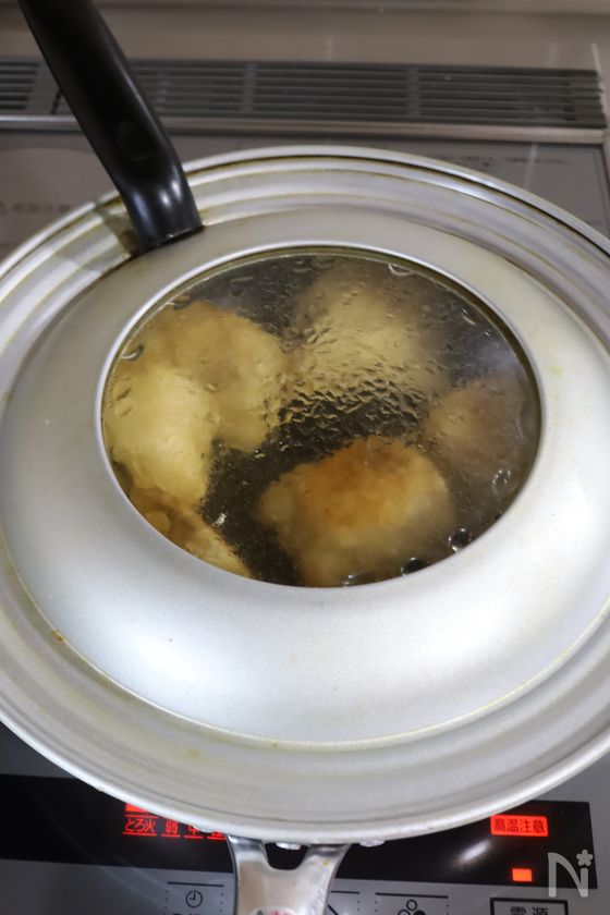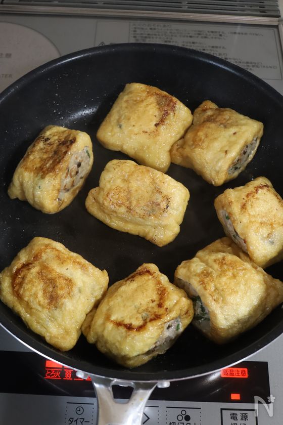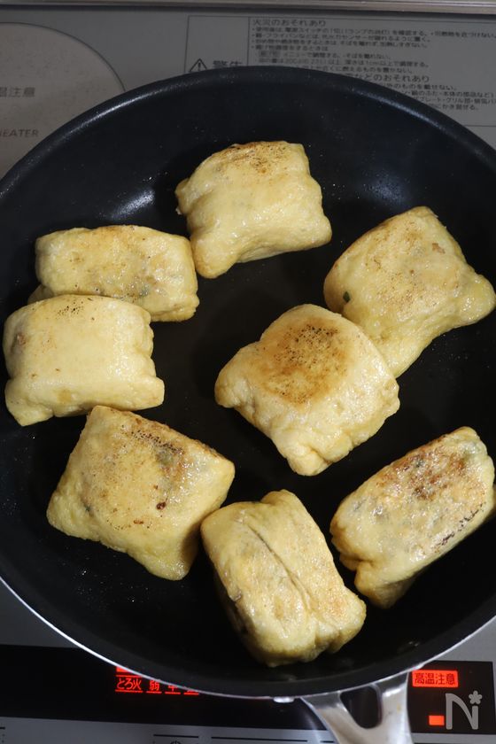 •水はお使いのフライパンの大きさに合わせて、油揚げが1mm浸るくらいの量で調整してください。
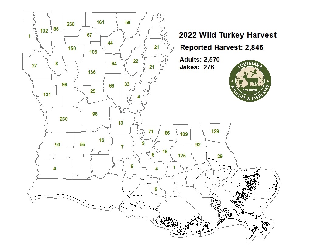 The 2022 Louisiana turkey harvest was the best since harvest reporting began in the state in 2009, the Louisiana Department of Wildlife and Fisheries announced, with hunters taking 2,846 birds compared to 1,886 in 2021, an improvement of 50.9 %.
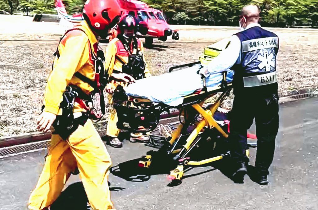 高雄市消防局第六救災救護大隊急向空總申請直升機吊掛救援,12時24分直升機降落屏東朧祥公園,12時30分由美濃消防分隊救護車將患者後送義大醫院治療。
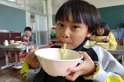今日の給食は、一番の人気メニュー、たたききゅうりと焼き豚ラーメンでした。
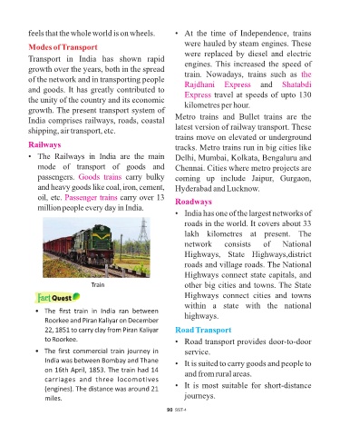feels that the whole world is on wheels. • At the time of Independence, trains
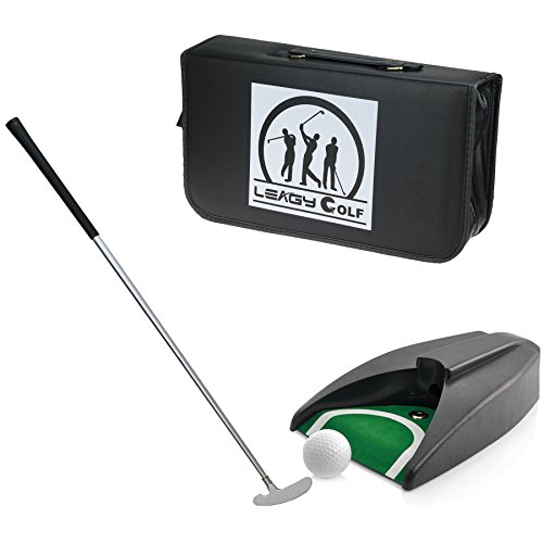 LEAGY Portable Golf Putter Travel Practice Putting Set with Case Indoor Outdoor Yard, Golfer Kids Toy Indoor Golf Games Set, Ball Return System Zink Alloy Putter Best Gift Executive Office Putter Set
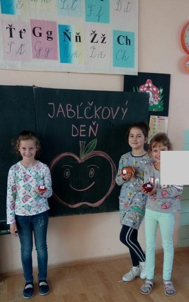 Dňa 23. októbra sme zažili zaujímavý deň. V našej 3. B. triede už ráno plné očakávaní sa začalo perfektne. Na prvej hodine nám pani učiteľka porozprávala zaujímavé informácie o jablku. Neskôr sme si vytiahli jablká, ktoré sme si mali priniesť a začali sa prípravy na výstavku jabĺk a na súťaž o najkrajšie jablko. Zaspievali sme si pieseň o červenom jabĺčku, odpovedali na jabĺčkový kvíz, vyriešili jabĺčkové úlohy a vymýšľali básničky o jabĺčku. Na poslednej hodine sme ochutnávali ich sladkú chuť. A prečo práve jabĺčkový deň? Preto, aby sme si všetci uvedomili aké sú jablká zdravé. Obsahujú veľa vitamínov a posilňujú imunitu a zdravie všetkých ľudí. Sme radi, že nám pani učiteľka urobila takýto pekný jabĺčkový deň. Dozvedeli sme sa veľa dôležitých a zaujímavých informácií o našich úžasných jablkách a taktiež si zamaškrtili.
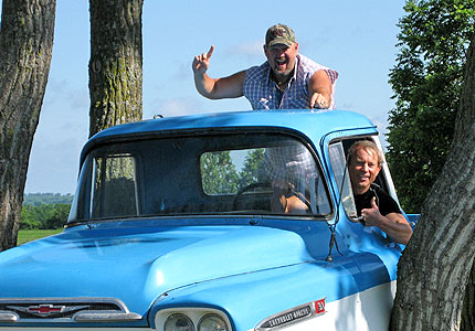 This weeks episode (March 1st) of “Only In America” With Larry The Cable Guy featured a visit to a good pal Mark Madson’s place in Clinton Wisconsin where Mark showed of his truck in the tree (as the picture below shows), dynamited some limestone, and floated the future Packermobile on a lake.  It was quite a humorous segment and we really enjoyed watching Wisconsin be represented once again for it’s unique and peculiar things and people.

○ ○ ○

#### Assignment:
Your answer must be the lines from the opening line of the entries through the line holding "The 2022 Louisiana", written out exactly and without any picture.

#### Result of the exercise:
 •水はお使いのフライパンの大きさに合わせて、油揚げが1mm浸るくらいの量で調整してください。
 The 2022 Louisiana turkey harvest was the best since harvest reporting began in the state in 2009, the Louisiana Department of Wildlife and Fisheries announced, with hunters taking 2,846 birds compared to 1,886 in 2021, an improvement of 50.9 %.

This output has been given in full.